Step by step solution

01

Calculate the marginal probability density function of Y

We will begin by calculating the marginal probability density function \(f_Y(y)\). This is found by integrating the joint probability density function with respect to \(x\), i.e., \(f_Y(y) = \int_{-\infty}^{\infty} f_{X,Y}(x, y) dx \).
02

Express the conditional probability density function of X given Y = y

Next, we express the conditional probability density function \(f_{X \mid Y}(x \mid y)\) using the joint probability density function and the marginal probability density function of \(Y\). This is given by the following formula: \(f_{X \mid Y}(x \mid y) = \frac{f_{X,Y}(x,y)}{f_Y(y)}\).
03

Calculate the conditional expectation of X given Y = y

Now we will calculate the conditional expectation of \(X\) given \(Y = y\). This is computed by integrating the product of \(x\) and the conditional probability density function of \(X\) given \(Y = y\). Formally, this can be written as: \(E[X \mid Y=y] = \int_{-\infty}^{\infty} x \cdot f_{X \mid Y}(x \mid y) dx\).
04

Compute the expected value of X

Finally, we will compute the expected value of \(X\), by integrating the product of the conditional expectation of \(X\) given \(Y = y\) and the marginal probability density function of \(Y\).
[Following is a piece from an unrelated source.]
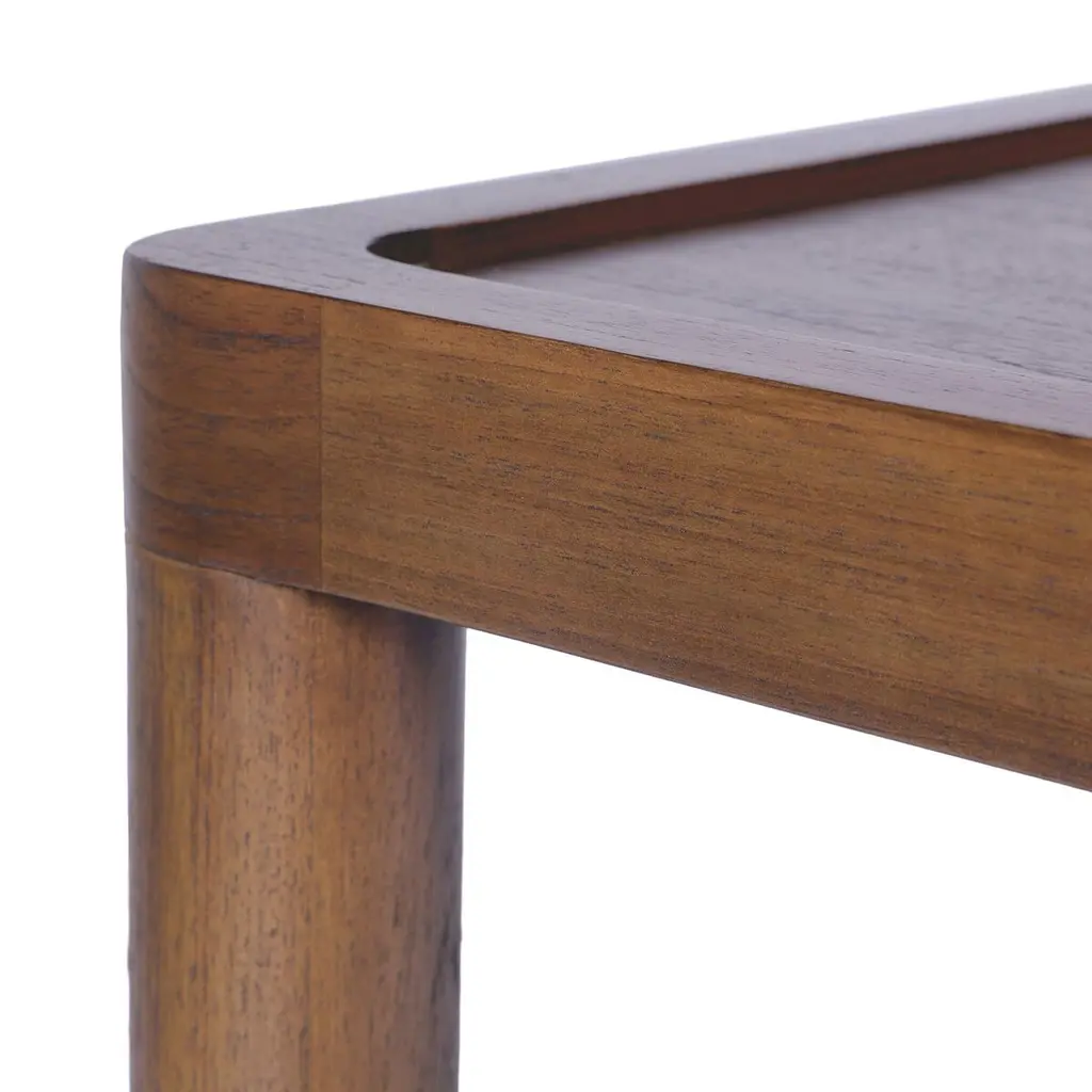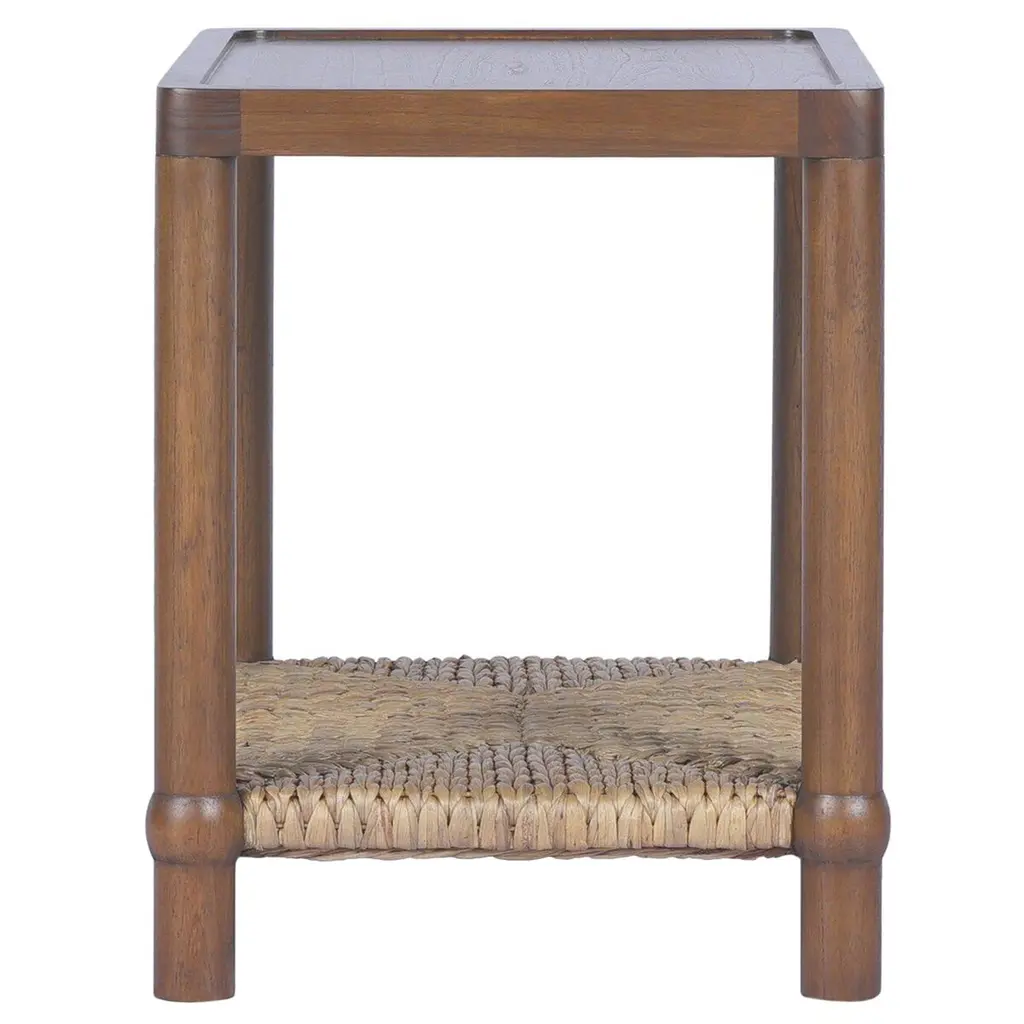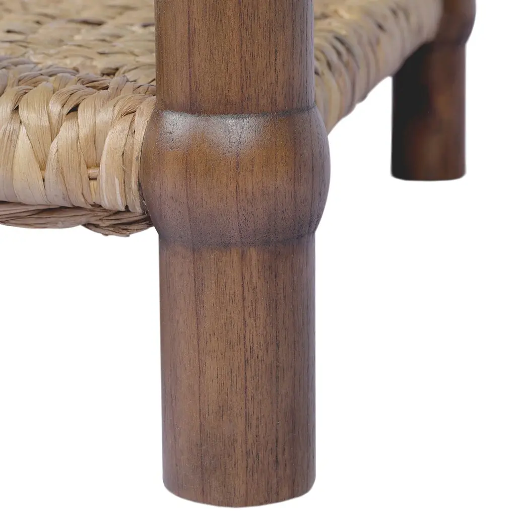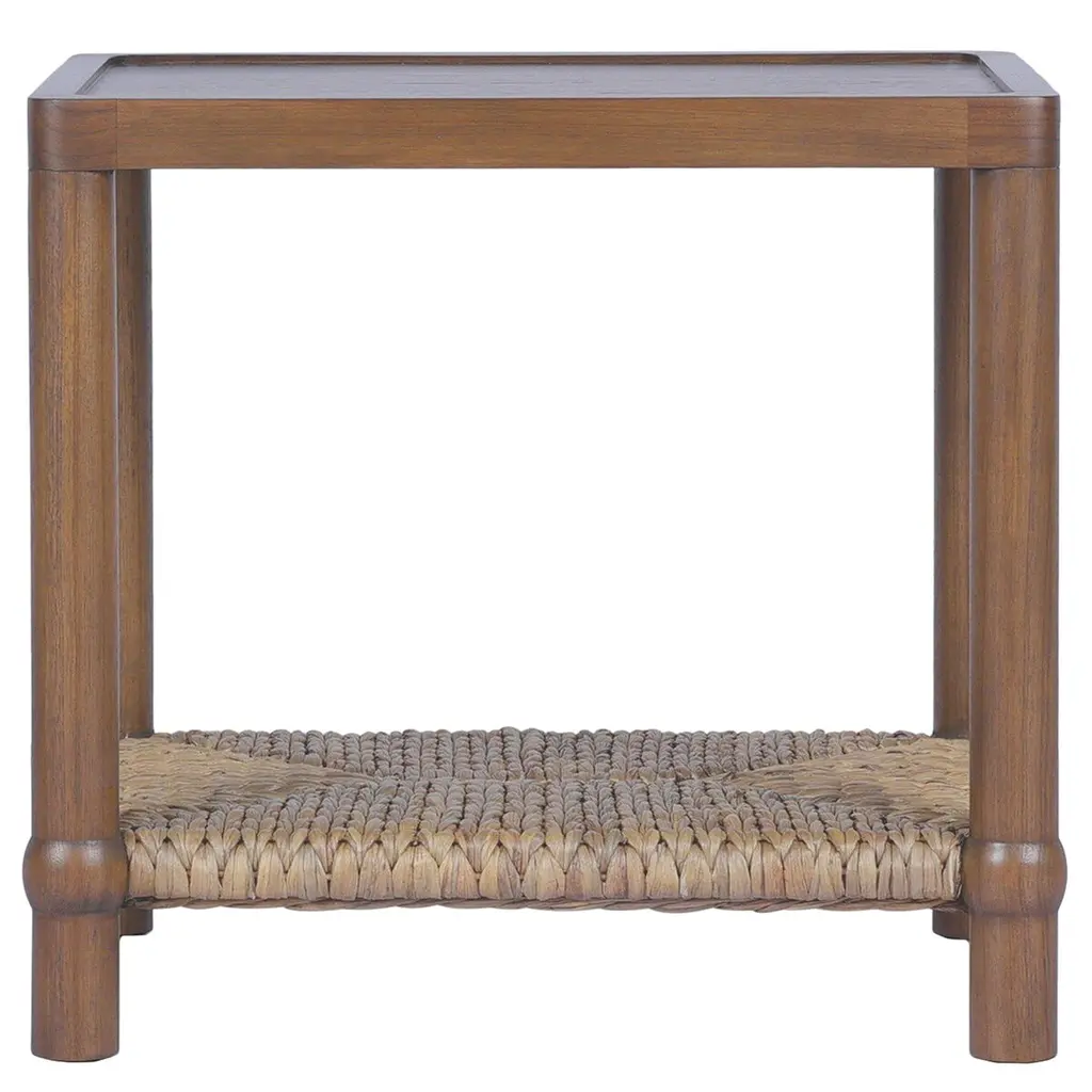 Meeting heritage inspiration with new practicality, this table features a woven hyacinth shelf that appears to veil the wooden frame. Ball details at each leg connection add to its natural appeal.

In other words, we will prove that: \(E[X] = \int_{-\infty}^{\infty} E[X \mid Y=y] f_{Y}(y) dy\). We will need to substitute the expression for the conditional expectation and marginal probability density function that we derived in the previous steps. \(E[X] = \int_{-\infty}^{\infty} \left( \int_{-\infty}^{\infty} x \cdot \frac{f_{X,Y}(x,y)}{f_Y(y)} dx \right) \left( \int_{-\infty}^{\infty} f_{X,Y}(x, y) dx \right) dy\). Now, notice that we can simplify the above expression and cancel out the marginal probability density function of \(Y\). \(E[X] = \int_{-\infty}^{\infty} \int_{-\infty}^{\infty} x \cdot f_{X,Y}(x,y) dx dy\). This is the expected value of \(X\), calculated by integrating the product of \(x\) and the joint probability density function of \(X\) and \(Y\). Thus, we have successfully proved the given formula, \(E[X] = \int_{-\infty}^{\infty} E[X \mid Y=y] f_{Y}(y) dy\).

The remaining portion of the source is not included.